The cotyledonary node-Agrobacterium-mediated soybean transformation system used in this study was described by Gao (Gao et al. 2015). Briefly, the transformed EHA105 colony was inoculated into 200 mL YEB liquid medium, and cultured at a speed of 200 rpm/min at 28 °C until OD600nm was up to 1.0–1.2. Four 50 ml Falcon tubes were used to centrifuge bacteria culture at a speed of 4000 rpm for 10 min, and the supernatant was discarded. Cell pellet was resuspended in suitable liquid co-culture medium (LCCM), and the OD600nm value was adjusted to 0.6–0.8.
Twenty sterilized seeds were inserted onto the germination medium (GM). After incubation for 15 h, each seed was subjected to coat removal, after which they were split evenly into two explants containing the cotyledons and hypocotyls by a longitudinal cut along the hilum. The explants were immersed in the prepared A. tumefaciens LCCM for 30 min at room temperature, transferred to CCM and incubated at 23–25 °C without light for 5 d. The elongated hypocotyl was cut to 5–7 mm in length and elongated on shoot induction medium (SIM) to grow for 4 weeks, which was changed to new SIM in the third week. The thriving explants were embedded in shoot elongation medium (SEM) and subcultured per 2 weeks for 5–6 times until the shoot had elongated to 3–5 mm. The green resistant shoots were then transferred to rooting medium (RM). After 2–3 weeks, the strong shoots were washed out from bottles individually and transplanted to plastic pots with nutrient soil and vermiculite and then wrapped by plastic membrane with several holes for acclimatization in a growth chamber at 25 °C with an 18 h photoperiod for 1–2 weeks. Robust seedlings were moved to a greenhouse and prepared for further analyses. When the seedlings had grown up to the top, the plastic membrane was removed and regenerated seedlings with developed roots were transferred to greenhouse for further growth. The recipes of mediums were described in Additional file 1: Table S1.

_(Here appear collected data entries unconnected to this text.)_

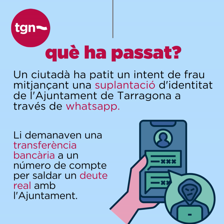 Se da la circunstancia de que un ciudadano sufrió recientemente un intento de fraude mediante una suplantación de identidad del Ayuntamiento de Tarragona a través de whatsapp. Le pedían una transferencia bancaria a un número de cuenta para saldar una deuda real con el Ayuntamiento.
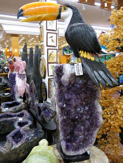 Tucano em dolomita preta e calcita laranja com base em ametista. Preço R$ 42.504,00 (cerca de US$ 19.300 ou MOP 155.000)
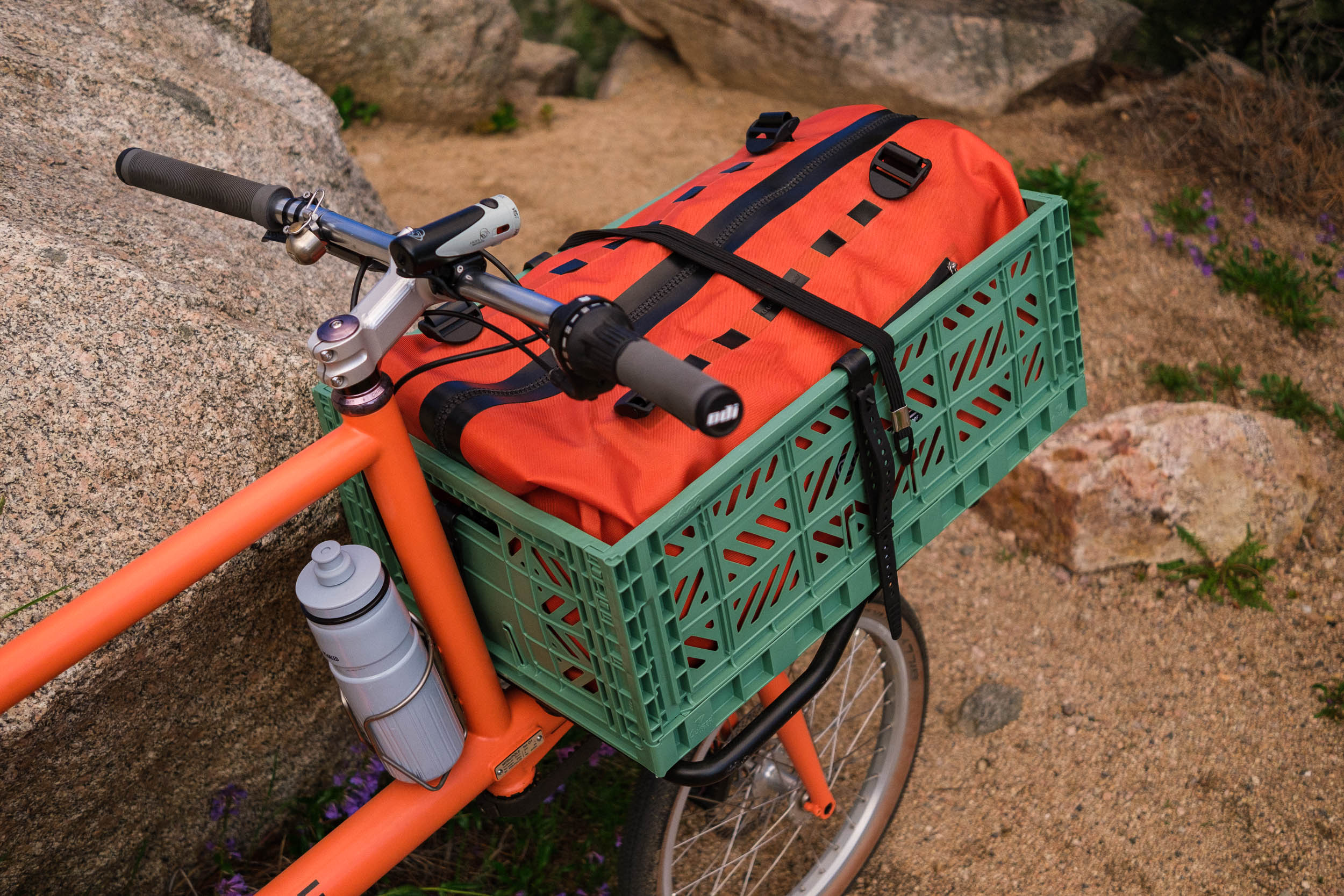 I picked up one of Ortlieb’s new 60L Duffle Lites to replace my trusty 15-year-old OR duffle for travel earlier this year, and it just so happened to fit perfectly inside the Eurobox. I loved having all of my camping gear easily accessible and protected from the elements, and packing and unpacking were a breeze. Cargo bikepacking is one of my new favorite things.
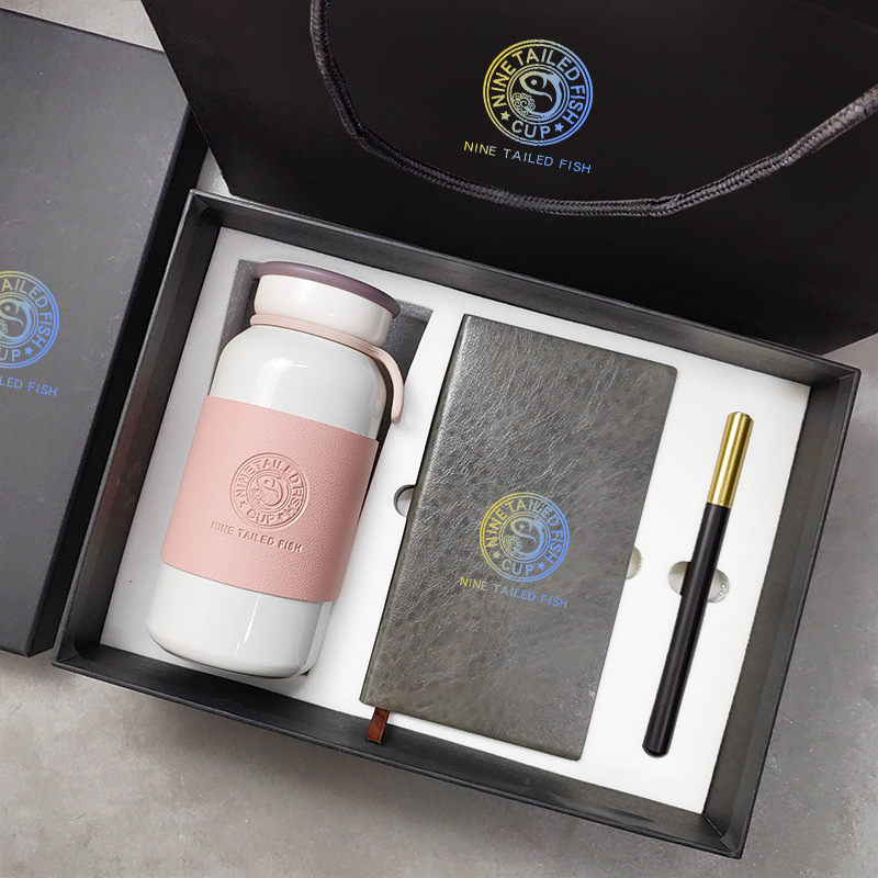 pink leather mug + book + pen
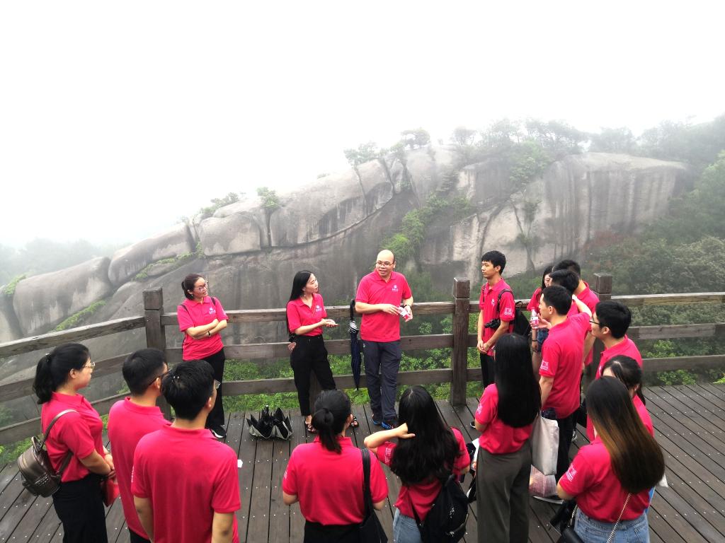 在国产传媒 研究生会的精心策划,校友代表们和老师同学们一边攀爬大罗山,一边交流近期的工作状况,一同回忆在校期间的美好片段,一路上充满着欢声笑语。到达目的地“龙脊”后,开展了别样的“校友恳谈会”,校友代表们表达了对母校美好的祝愿,也通过对自己工作生活的经验的总结,对学弟学妹们提出了许多良好的建议。学弟学妹们也纷纷提问,请教在校期间在学习科研的技巧以及就业求职技能。卓高生副院长通过大罗山文脉“龙脊”的典故,介绍了温州人才战略,国产传媒 育人目标,也和同学们一起畅想了国产传媒 的未来,他说到:“希望通过这次攀登大罗山,能让我们国产传媒 的学子更进一步的感受大美温州,人文温州,和谐温州,希望国产传媒 的学子能够留在温州,做新温州人,助力温州和母校发展。”
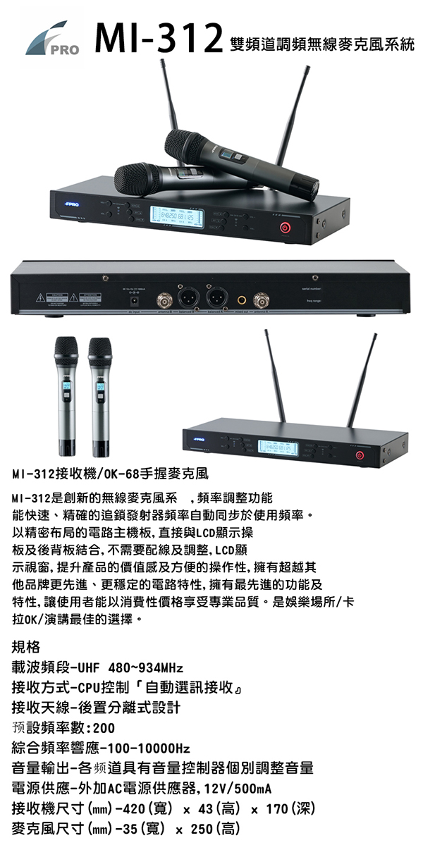 FPRO MI-312(雙頻道調頻無線麥克風)
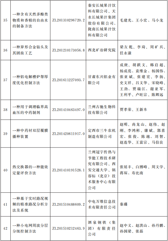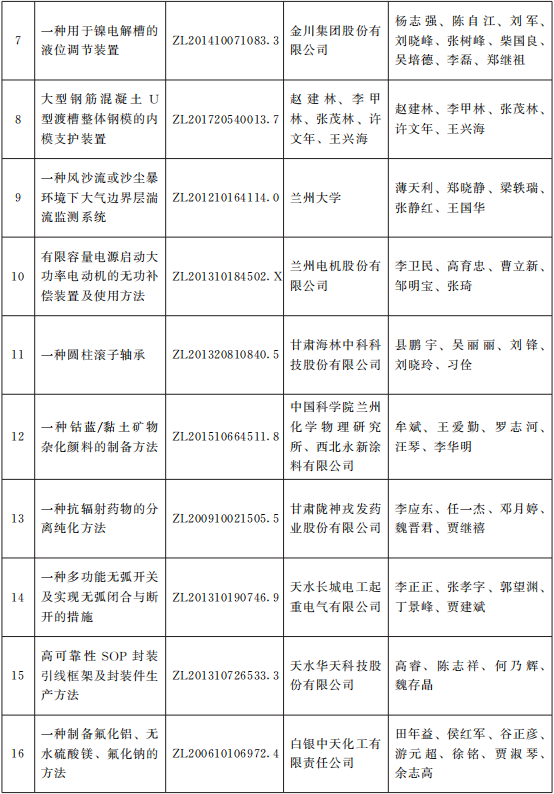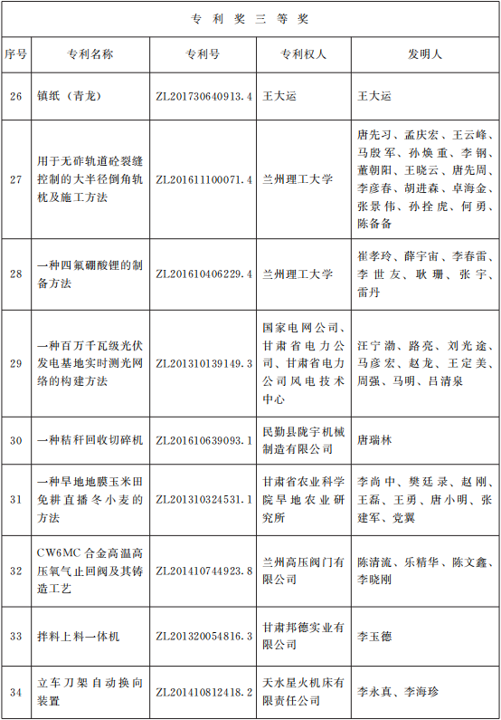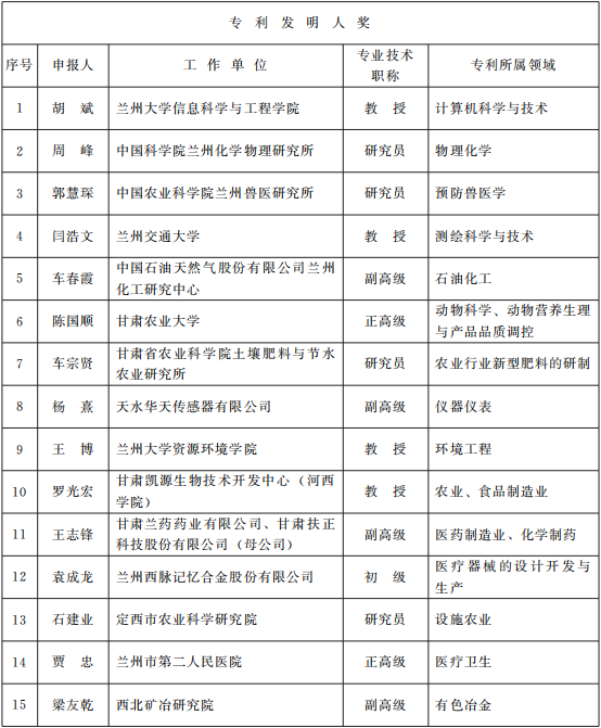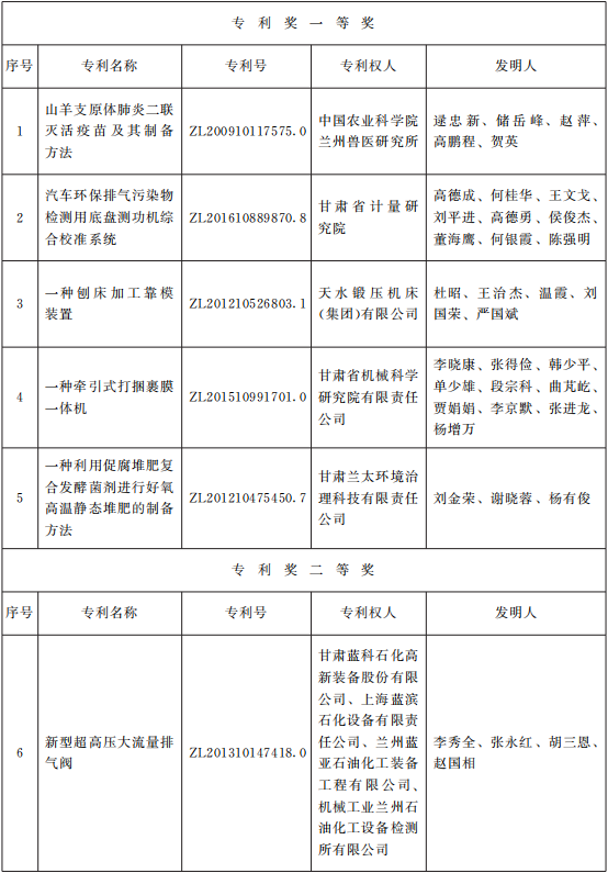 为鼓励发明创造,激发全社会创新活力,进一步加强知识产权保护工作,推动构建新发展格局,加快我省特色型知识产权强省建设,省政府决定,对在知识产权创造、运用和保护以及在促进创新和推动经济社会发展等方面做出突出贡献的专利权人和专利发明人给予表彰奖励。根据《甘肃省专利奖励办法》(甘肃省人民政府令第148号)规定,经评审,授予:
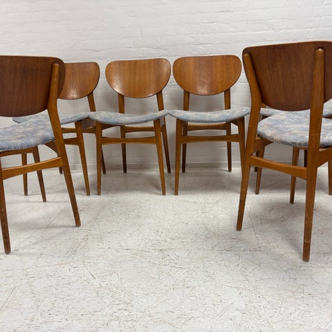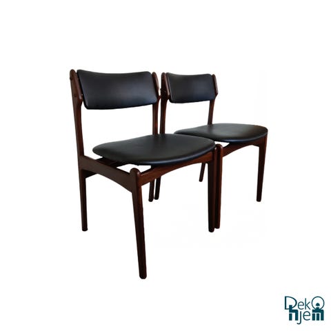 Flotte retro spisebordsstole i teak med svævende sæde og nyt nappa på sæder og ryg, designet af Erik Buch, i alt 2 stk. Der er enkelte hak. Fra 1960’erne.

Screening positive transgenic seedlings
The transgenic seedlings were identified by polymerase chain reaction (PCR) to detect the existence of transgene fragments, leaf-painting assay to test the resistance to herbicide and LibertyLink® strip (QuickStix™ Kit purchased from EnviroLogix Inc., cat #AS 013 LS, Portland, ME, USA) to check the expression of bar gene. The seedlings confirmed to be positive by three methods were identified as positive transgenic plants.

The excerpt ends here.